People called squat strength training king, very simple, squat when the use of large muscle group up, if you consider the role of support, almost all of the skeletal muscle are involved in force. Scientists have done the same weight for many movements, using the same weight, squatting the work of the most, close to hard pull twice, bench press 5 times, while the squat can use the weight of more than hard pull, much more than bench press. So squat on the growth of body strength, the effect is much higher than other actions.

2, the growth of the whole body muscles the most effective action

Squat is a double joint action, and squat when the body secrete the most growth hormone, so the weight squat can not only promote leg muscle growth, but also promote the growth of muscle muscles. In addition, squat do more work, and other actions, not only to improve the muscle circumference, but also to improve muscle density,Barbell Rack that is, make the muscles become more sense of intensity.

What are the methods of bouncing bouncing?

After jumping deep jump:

Although this action is deep jump, but relatively speaking, the risk is much smaller, because you only need to carry out a simple jump, without the need for complex hip, with full jump to another height up.

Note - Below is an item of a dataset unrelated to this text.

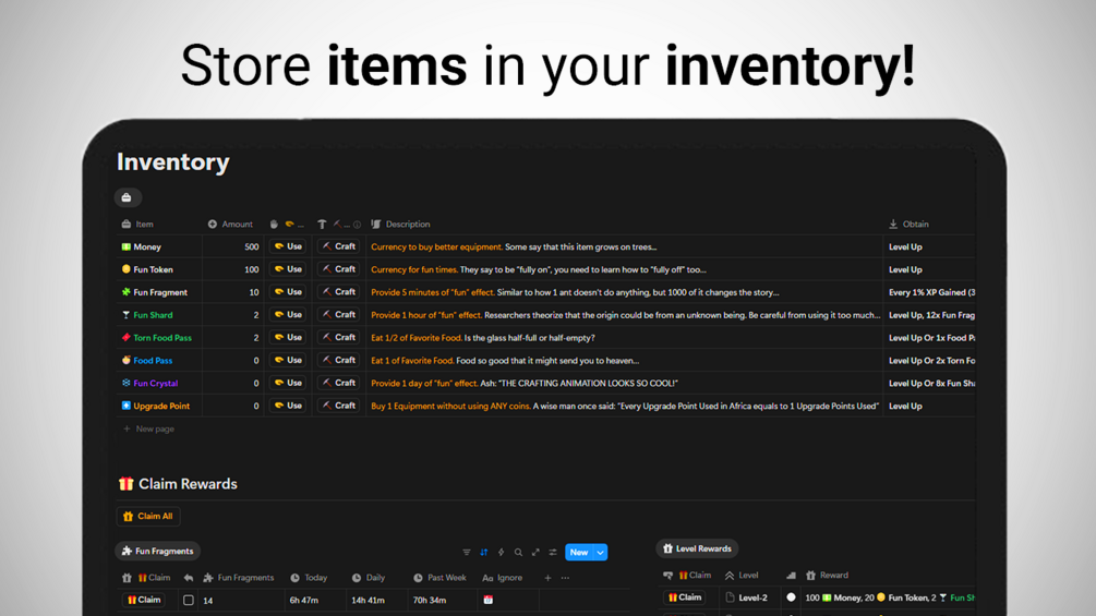 Claim rewards that are usable in real life, giving a tangible sense of accomplishment and a fun way to keep yourself in check!

Jump deep jump long jump high:

The risk of this action should be the deepest jump inside the series, but the corresponding effect is the most outstanding. First of all it can bring you excellent bounce force, and this jumping force is not only vertical, as well as horizontal long jump ability. But this method is easy to cause a greater impact on the knee,Barbell Rack especially when you use the rebound leveraging, the damage will be greater.

Traditional dive:

This is the most traditional deep jump training, jumping from one place, jumping to another height immediately, do not introduce.

Jump deep after jumping:

Although the risk of this to a minimum, because the long jump because of the knee by the vertical impact is not large. But it brings a problem, that is,Barbell Rack for the vertical jumping ability to improve the role is not large.